Wednesday, November 22, 2006

Larry McMurtry quote on the wall above my desk: "The fact that, for twenty-six or twenty-seven days each month, I lead an intense life as an antiquarian bookman -- on the sorting floor all day, unboxing, pricing, sorting, and responding to the public's endless curiosity about Lonesome Dove--in part explains the brevity and intensity of my drives. I don't want to be gone from the bookshop long, but three or four days on the road, just looking and moving, isn't long. Working with books always relaxes me, but the books bring people, and people are a mixed bag; there comes a point at which I want to be away, drive somewhere, see some sky--"

So, on the road south for a few days, accompanied by Mr. Pynchon, Mr. Lovecraft, and the usual collection of anywhere-from-the-mid-70s-to-early-00s tunes, an unearthly mix of soul, funk, disco, yacht rock, & Britpop, all but guaranteed to drive unsuspecting passengers round the bend. "How many different versions of Green Earrings are there, anyway?" Well, the studio track on The Royal Scam; the live track on Alive in America; the acoustic version on the Marian McPartland radio show; the 3 different 2006 shows supplied by Internet penpals and burned straight to CD....Passengers run screaming like extras in Burroughs' Nova Trilogy: "Godsake don't let it take me alive!"

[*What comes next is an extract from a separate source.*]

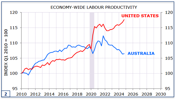 The haunting gaps in productivity between the US and Australia since 2010 have now become vast. Some of this is explained by the industry mix, including the NDIS, and lagged changes in mining investment, but all are long-run choices in our view. Ones that have led to weak overall outcomes, at a time when higher leverage and global demand provided alternatives.

Forty-eight hours on the road through grey November rain, the blower on the dashboard sweeping warm air across my face. The smell of rain, the low fields along the Skagit inundated with water. Flooded pastures, and occasionally an unhappy-looking horse or cow. Offramps: gas stations, motels, diners whose decor and menus haven't visibly changed since 1965. Chicken-fried steak, a scoop of chalk-white mashed potato, mixed frozen vegetables, "salad" composed of iceberg lettuce, dressing (ranch; Thousand Island), and croutons. A stoneware mug of hot but watery coffee. Lemon pie, a wedge cut from a bigger pie in the reflecting case behind the counter, or an individually plated portion covered with cling wrap. The motion of the waitress' arm absurdly birdlike as she removes the wrap from the plate, an "unthought gesture" beautiful in its own way.

Lake Washington's floating bridges, Stephen Morrissey or the Smiths somehow appropriate for the sensation of taking flight over water. The oncoming traffic with its headlights on. The tidal slough in Everett by the freeway; the logs stacked beside the sawmill; yellow folklifts trundling to and fro under the lumber yard's big, bright lights. Thrift-store interiors, the in-house stereo system inevitably playing the Electric Light Orchestra, Fleetwood Mac, Toto, or Foreigner. Fellow booksellers, most glad to see me. Leaning on the end of the big wooden counter at Magus Books while my purchases are tallied, trading gossip and watching one of the staff buy a stack of recent trade fiction from the last scout of the day. Outside, darkness and rain, a few UW students hurrying past. The UW Bookstore bright and quiet like Spielberg's mother ship. Down a block, in the alley by the Allegro Cafe, a restless queue for the food bank, men and women in dark clothes. No umbrellas, heads bowed against the torrential rain, some with pack sacks or shoulder bags: ripped, patched, soaked through. Inside the cafe, just out of sight of the line-up, students on their laptops: term papers, IM chat, Internet poker. The screens' light reflected in the cafe's big windows, which in turn reflect the wind and rain outside.